We’ve spent the last five years methodically populating categories and price points to reinforce the leading position of our FF&E product assortment. We’ve strengthened our balance sheet to support the financial demands of a highly seasonal business. We’ve extended both our customer and supplier relationships by doing business according to a deeply held set of values that applies to all of our constituents, including competitors. And we’ve added to our operational capabilities by making efficient, targeted investments in domestic infrastructure, which continues to gain cost and performance advantages compared to extended supply chain models.
Collectively, these efforts have built a solid market position that generates durable cash flow. While the market itself may experience ups and downs, our long-term ability to generate cash depends more on market position than market condition. As we continue to add new products and services without reliance on leverage or heavy capital investments, we believe our market position will improve even more.
Our current share price fails to recognize this favorable momentum. For that reason and as part of our program to provide a balanced portfolio of returns, we are considering the implementation of a share repurchase program later this year.

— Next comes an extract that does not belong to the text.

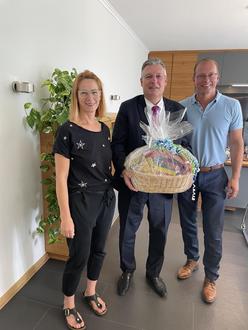 Caroline Hamann, Gleichstellungsbeauftragte der Verbandsgemeinde Mendig, Jörg Schwammkrug„ Geschäftsführer C’est Madame“ Bad Neuenahr und Jörg Lempertz, Bürgermeister der Verbandsgemeinde Mendig (v.l.n.r.) bei der Danksagung und Überreichung eines Geschenkkorbes für die Helfer.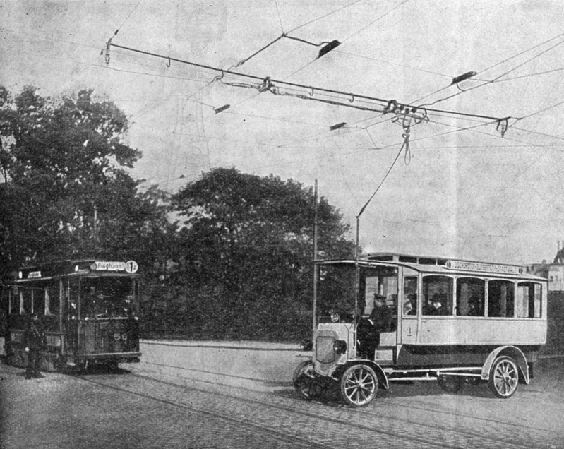 Vaak bleef het dan ook bij experimentele buslijnen, zoals in 1908 in Amsterdam en in België vanaf 1906 in Brussel en Gent. Toch was het hek nu van de dam. De automobielomnibus was zoveel goedkoper en zoveel flexibeler in gebruik dat hij de strijd uiteindelijk toch zou winnen. Daarbij gooide de Eerste Wereldoorlog nog even roet in het eten, maar tijdens het interbellum zou de autobus alsnog uitgroeien tot een volwaardige en veelgebruikte vorm van openbaar vervoer.

In addition, we reiterate our long-term financial goals of 8% – 10% pre-tax operating margin; $15 – $20,000,000 annual operating cash flow; sustained double-digit return on equity; and combined cash dividends and share repurchases of approximately 30% of operating cash flow.
We have long favored a non-leveraged approach to market development. We think that approach is more appropriate now than ever. Regardless of what happens over the short term, America will continue to value the educational process. And by supporting that process with value-added products fabricated and assembled in American factories by American workers, we intend to walk the talk of corporate social responsibility while providing sustainable returns to stockholders. As always, we thank our owners, employees, customers, and partners for helping us realize this vision.